Primers was designed with Primers 5.0 software in the light of the human miR-124-5p and MIEN1 mRNA sequences in GeneBank, and produced in Shanghai Sangon Biotech Co., Ltd. The following primer sequences were used: miR-124-5p (5’-CGTGTTCACAGCGGACCTTGAT-3’), U6 (forward primer: 5’-GCTTCGGCAGCACATATACTAAAAT-3’, reverse primer: CGCTTCACGAATTTGCGTGTCAT-3’), MIEN1 (forward primer: 5’-CAGTGCTGTGGAGCAGT-3’, reverse primer: 5’-GACGGCTGTTGGTGATCTTT-3’), GAPDH (forward primer: 5’-gagcgagatccctccaa-3’, reverse primer: 5’-actgtggtca tgagtccttc-3’). Total RNA was isolated by Trizol reagent. The purity and concentration of RNA were detected by ultraviolet spectrophotometry. The first strand of cDNA was synthesized by reverse transcription (Vazyme Biotech Co., Ltd., Nanjing, China). GAPDH was the MIEN1 mRNA internal reference gene and U6 as the miR-124-5p internal reference gene on ABI7300 fluorescence quantitative PCR instrument. The relative expression level of target gene RQ = 2-ΔΔCT.

Statistical Analysis

The consequences were expressed as mean ± SEM of independent assays. One-way ANOVA was used for multiple comparisons, then paired comparison with post-group test was carried out as necessary. P ≤ 0.05 was considered to harbor statistical difference.

Results

miR-124-5p Expression in GC

The level of miR-124-5p in GC tissue was significantly lower than that in adjacent tissues (Figure 1A) and level of miR-124-5p in GC tissue increased with stage of GC (Figure 1B). Furthermore, level of miR-124-5p in human GC SGC-803 and SGC7901 cells is significantly lower than in human gastric mucosa epithelial cells GES-1(Figure 1C). The miR-124-5p in SGC7901 cells significantly increased when miR-124-5p mimic administrated (Figure 1D), while miR-124-5p in SGC-803 cells significantly reduced when miR-124-5p inhibitor administrated (Figure 1E). MiR-124-5p mimic transfection inhibited the growth of SGC7901 cells (Figure 1F), and miR-124-5p inhibitor promoted the proliferation of SGC803 cells (Figure 1G).
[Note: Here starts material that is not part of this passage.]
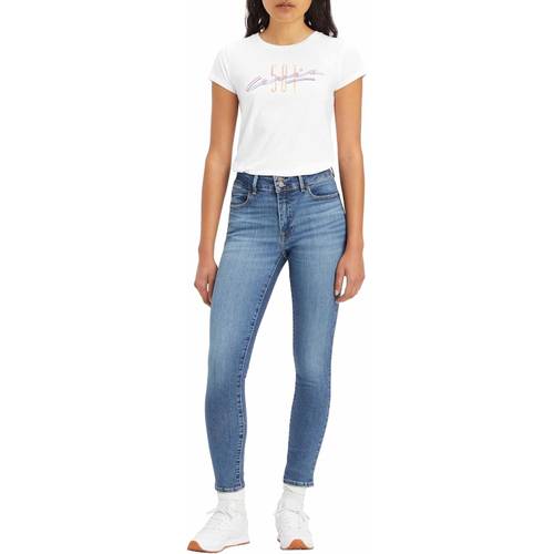 Levis-Damen-Jeans mit einem hohen Stretchgehalt betonen die Körperform, während sich Hosen mit einem steiferen Stoff weniger an den Körper anpassen.
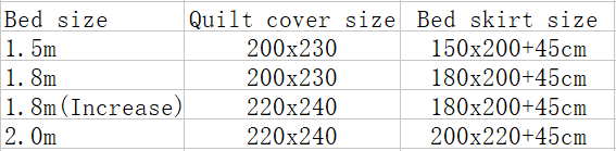 Size specification 1.5m (5 feet) bed, 1.8m (6 feet) bed, 1.8m bed quilt enlarged, 2.0m (6.6 feet) bed (cm)

MiR-124-5p Overexpression Inhibits Invasion and Migration Ability of GC Cells

The wound gap of SGC7901 cells in miR-124-5p mimic group was larger than in control groups (Figure 2A), which means that the invasion ability of SGC7901 cells had been significantly inhibited by miR-124-5p overexpression. After administration of miR-124-5p mimic, the number of invaded cell decreased (Figure 2B), which means that miR-124-5p mimic decreased the GC cells proliferation ability. Therefore, over miR-124-5p expression suppressed not only invasion but also migration ability of GC cell lines in vitro.

Effect of Low Expression of miR-124-5p on GC Cells

The wound gap of SGC-803 cells transfected with miR-124-5p mimic was significantly less than control cells (Figure 3A), whereas the low level of MIR-124-5p promoted the invasion of SGC-803 cells (Figure 3B), implying that miR-124-5p is capable of inhibiting the malignant phenotype of GC cells.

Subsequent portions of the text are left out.